I didn't like the role of the scheduler/floor runner in the Navy as they had to sign off on the plan of any "independent" CRNA that had an ASA 3+ patient in their room. I don't want anything to do with that case and approving the plan puts me on the hook for CRNA mismanagement. That is bullshït. I can't tell you how many CRNAs were relieved at 4 by the call team because they were doing a case they had no business doing, and doing it poorly. I'm sure PGG sees this, though perhaps they are so awesome now, they don't even have to sign off anymore. This is a real problem, and will get worse.
They're still required to consult us for ASA 3+ patients. We don't sign the chart. I'm sure some of them document "discussed plan with Dr PGG" but to be honest I don't think that's much of a liability. Even though Feres Doctrine doesn't apply to most of our patients (who are dependents and retirees, not active duty) we still have an extremely malpractice friendly environment to work in.

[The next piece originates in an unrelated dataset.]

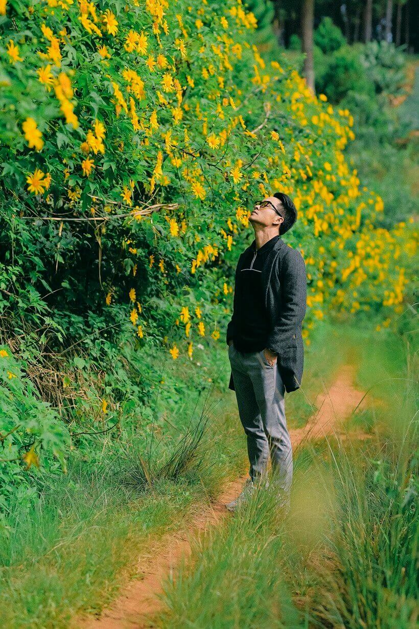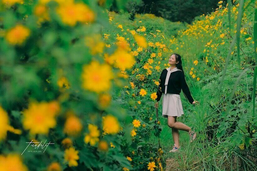 Để có những tấm ảnh đẹp với hoa dã quỳ,mọi người nên chuẩn bị trang phục nhẹ nhàng. Ảnh: Tiến Đà Lạt.

CRNA or no CRNA, supervision or no supervision, direction or no direction, our lawyers are the US Govt, on salary, with endless time and resources, and the US Govt will defend everything tooth and nail, even stuff that shouldn't (can't) be defended. Another nice detail is that military physicians can't be sued directly. The patient has to sue the government, and one of the downstream results (for better or worse) is that our names don't go to the national provider data bank after a payout unless a government inquiry (conducted by other military doctors) thinks we should. Unfortunately this means some military doctors who should be on that naughty list aren't, but it really cuts down on garbage "I was frivolously named; my carrier settled because it was cheaper than defending; now my name's on the list" incidents.
 
They're still required to consult us for ASA 3+ patients. We don't sign the chart. I'm sure some of them document "discussed plan with Dr PGG" but to be honest I don't think that's much of a liability. Even though Feres Doctrine doesn't apply to most of our patients (who are dependents and retirees, not active duty) we still have an extremely malpractice friendly environment to work in.

CRNA or no CRNA, supervision or no supervision, direction or no direction, our lawyers are the US Govt, on salary, with endless time and resources, and the US Govt will defend everything tooth and nail, even stuff that shouldn't (can't) be defended. Another nice detail is that military physicians can't be sued directly. The patient has to sue the government, and one of the downstream results (for better or worse) is that our names don't go to the national provider data bank after a payout unless a government inquiry (conducted by other military doctors) thinks we should. Unfortunately this means some military doctors who should be on that naughty list aren't, but it really cuts down on garbage "I was frivolously named; my carrier settled because it was cheaper than defending; now my name's on the list" incidents.
The government now has a much lower threshold than in the past to settle cases, and if they settle they will report your name to the data bank, and since you are their employee they might not even inform you of their intent to report you until it's already done, which means your input might not be included.